テキストを使って基礎知識を習得したら、過去問にチャレンジしてみましょう。危険物取扱者の試験では、過去問から類似問題が出題されることもあります。また、何度も解くことで苦手分野が分かり、克服するための勉強も始めることができるはずです。試験日の1週間前には、試験と同じ時間で過去問を解いてみてください。過去問は、消防試験研究センターのホームページで無料ダウンロードできます。

4-4.講座・講習を受けることもできる

危険物取扱者の受験者を対象に、講座・講習を行っている自治体や法人があります。自分での勉強が困難な方は、講座と講習を受けてみるのも選択肢の1つです。
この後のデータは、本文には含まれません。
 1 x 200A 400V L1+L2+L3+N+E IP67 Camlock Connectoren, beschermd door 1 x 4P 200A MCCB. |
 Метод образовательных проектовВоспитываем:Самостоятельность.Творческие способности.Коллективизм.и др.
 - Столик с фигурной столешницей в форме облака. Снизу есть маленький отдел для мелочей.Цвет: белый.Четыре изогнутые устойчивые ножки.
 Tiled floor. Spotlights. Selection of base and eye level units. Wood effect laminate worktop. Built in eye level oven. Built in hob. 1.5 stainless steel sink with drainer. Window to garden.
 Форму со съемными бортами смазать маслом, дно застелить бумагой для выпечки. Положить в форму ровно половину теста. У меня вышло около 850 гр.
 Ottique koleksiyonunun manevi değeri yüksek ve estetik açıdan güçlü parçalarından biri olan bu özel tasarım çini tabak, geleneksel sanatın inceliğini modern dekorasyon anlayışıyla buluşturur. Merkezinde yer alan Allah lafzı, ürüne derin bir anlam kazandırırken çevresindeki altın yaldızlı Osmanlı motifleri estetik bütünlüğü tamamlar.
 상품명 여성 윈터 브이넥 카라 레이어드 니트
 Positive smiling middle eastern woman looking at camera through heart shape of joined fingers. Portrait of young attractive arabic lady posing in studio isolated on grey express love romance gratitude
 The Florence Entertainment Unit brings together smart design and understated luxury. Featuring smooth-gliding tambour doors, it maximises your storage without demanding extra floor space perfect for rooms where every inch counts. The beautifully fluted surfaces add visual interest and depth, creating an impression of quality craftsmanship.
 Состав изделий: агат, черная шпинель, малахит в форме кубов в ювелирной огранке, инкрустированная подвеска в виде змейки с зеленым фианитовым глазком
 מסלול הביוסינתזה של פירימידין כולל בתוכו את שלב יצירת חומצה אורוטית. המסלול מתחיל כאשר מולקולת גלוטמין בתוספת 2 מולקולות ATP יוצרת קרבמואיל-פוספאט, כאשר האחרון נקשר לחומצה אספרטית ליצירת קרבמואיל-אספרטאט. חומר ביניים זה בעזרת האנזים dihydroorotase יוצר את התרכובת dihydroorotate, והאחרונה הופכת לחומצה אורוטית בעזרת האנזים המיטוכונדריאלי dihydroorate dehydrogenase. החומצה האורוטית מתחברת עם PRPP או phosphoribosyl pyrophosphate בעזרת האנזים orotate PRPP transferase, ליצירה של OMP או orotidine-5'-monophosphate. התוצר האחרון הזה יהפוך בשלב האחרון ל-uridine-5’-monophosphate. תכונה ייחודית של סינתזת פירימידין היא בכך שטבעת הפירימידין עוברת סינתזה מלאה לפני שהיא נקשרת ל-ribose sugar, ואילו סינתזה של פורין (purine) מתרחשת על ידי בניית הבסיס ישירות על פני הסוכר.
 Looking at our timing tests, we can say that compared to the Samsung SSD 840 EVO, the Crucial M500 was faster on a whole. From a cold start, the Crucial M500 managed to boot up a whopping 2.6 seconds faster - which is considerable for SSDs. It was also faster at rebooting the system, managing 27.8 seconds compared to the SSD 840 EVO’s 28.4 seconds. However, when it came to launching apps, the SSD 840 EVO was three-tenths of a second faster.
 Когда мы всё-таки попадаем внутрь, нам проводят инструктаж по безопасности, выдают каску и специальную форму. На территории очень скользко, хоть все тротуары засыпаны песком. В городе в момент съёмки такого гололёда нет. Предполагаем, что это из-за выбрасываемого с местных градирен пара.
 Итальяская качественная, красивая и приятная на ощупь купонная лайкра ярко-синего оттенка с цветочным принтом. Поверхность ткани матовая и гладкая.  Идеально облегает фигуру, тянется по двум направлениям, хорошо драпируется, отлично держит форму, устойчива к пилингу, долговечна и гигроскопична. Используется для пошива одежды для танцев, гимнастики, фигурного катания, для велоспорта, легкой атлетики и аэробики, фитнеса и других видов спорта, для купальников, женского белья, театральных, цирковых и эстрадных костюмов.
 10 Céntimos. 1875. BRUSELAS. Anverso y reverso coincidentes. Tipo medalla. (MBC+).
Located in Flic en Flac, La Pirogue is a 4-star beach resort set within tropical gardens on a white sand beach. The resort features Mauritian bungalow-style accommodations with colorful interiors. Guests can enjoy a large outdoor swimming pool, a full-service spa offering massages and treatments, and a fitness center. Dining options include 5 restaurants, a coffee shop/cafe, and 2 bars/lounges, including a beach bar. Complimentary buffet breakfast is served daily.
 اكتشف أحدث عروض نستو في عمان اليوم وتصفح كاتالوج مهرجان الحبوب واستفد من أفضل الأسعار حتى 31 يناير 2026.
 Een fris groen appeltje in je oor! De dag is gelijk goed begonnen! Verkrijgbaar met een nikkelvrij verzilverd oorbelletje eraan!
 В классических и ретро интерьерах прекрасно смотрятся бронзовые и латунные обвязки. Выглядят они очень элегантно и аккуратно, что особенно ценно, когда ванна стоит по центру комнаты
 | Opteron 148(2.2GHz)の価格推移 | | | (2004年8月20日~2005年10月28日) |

ただし、受講にはお金がかかるので、事前にしっかり確認しておきましょう。

5.甲種危険物取扱者に関してよくある質問

甲種危険物取扱者に関してよくある質問を5つピックアップしてみました。

Q.受験資格に満たない場合は?
A.乙種を4種類取得するか、1種類だけ取得後に2年間の業務経験があれば甲種が受験できます。そのため、化学系の学部を卒業していない方などは、まず乙種の資格試験に挑戦しましょう。乙種4種類の資格取得が困難な場合は、1種類だけ取得し、甲種の勉強をしながら2年間業務を行う方法があります。受験資格は自分で満たすことができるのです。

Q.甲種危険物取扱者の合格基準は?
A.甲種の資格試験は3つの科目がありますが、すべての科目の正解率が6割以上でなければなりません。どれか1つでも正解率が6割を下回ってしまうと不合格となります。そのため、3科目とも平等に勉強をする必要があるでしょう。

Q.おすすめのテキストは?
A.国家資格シリーズ263から出ている「本試験形式!甲種危険物取扱者(模擬テスト)」です。試験のポイントを押さえているので、短時間でも集中的に勉強できると好評となっています。また、国家・資格試験シリーズ103の「わかりやすい!甲種危険物取扱者試験」もおすすめです。こちらは単元ごとに問題がついているので、読む→問題を解く→解説を読むという流れで覚えることができます。

Q.甲種の資格を取得するために大切な要素は?
A.毎日数十分でもいいので、勉強を続ける習慣を身につけることです。1週間のうち休日だけ勉強に充てたり、一夜漬けで勉強したりしても合格できる試験ではありません。特に、甲種は試験範囲が広いので、毎日コツコツと勉強をして覚えることが大切なのです。

Q.危険物取扱者保安講習とは?
A.危険物取扱作業に従事している有資格者が、定期的に受けなければならない講習のことです。甲種を取得し、作業に従事する方は、保安講習を3年に1度、必ず受講しなければなりません。また、実務に就いていなかった者が従事することになった場合は、その日から1年以内に受講する必要があります。

まとめ

いかがでしたか? 甲種危険物取扱者は、資格を取得することで就職・転職・給与などさまざまな面で大きなメリットが生まれます。ほかの資格種類とは違い、すべての危険物が取り扱いの対象となるため、幅広い職場で生かすことができる国家資格です。危険物取扱者として仕事をしていきたい方は、甲種の取得をおすすめします。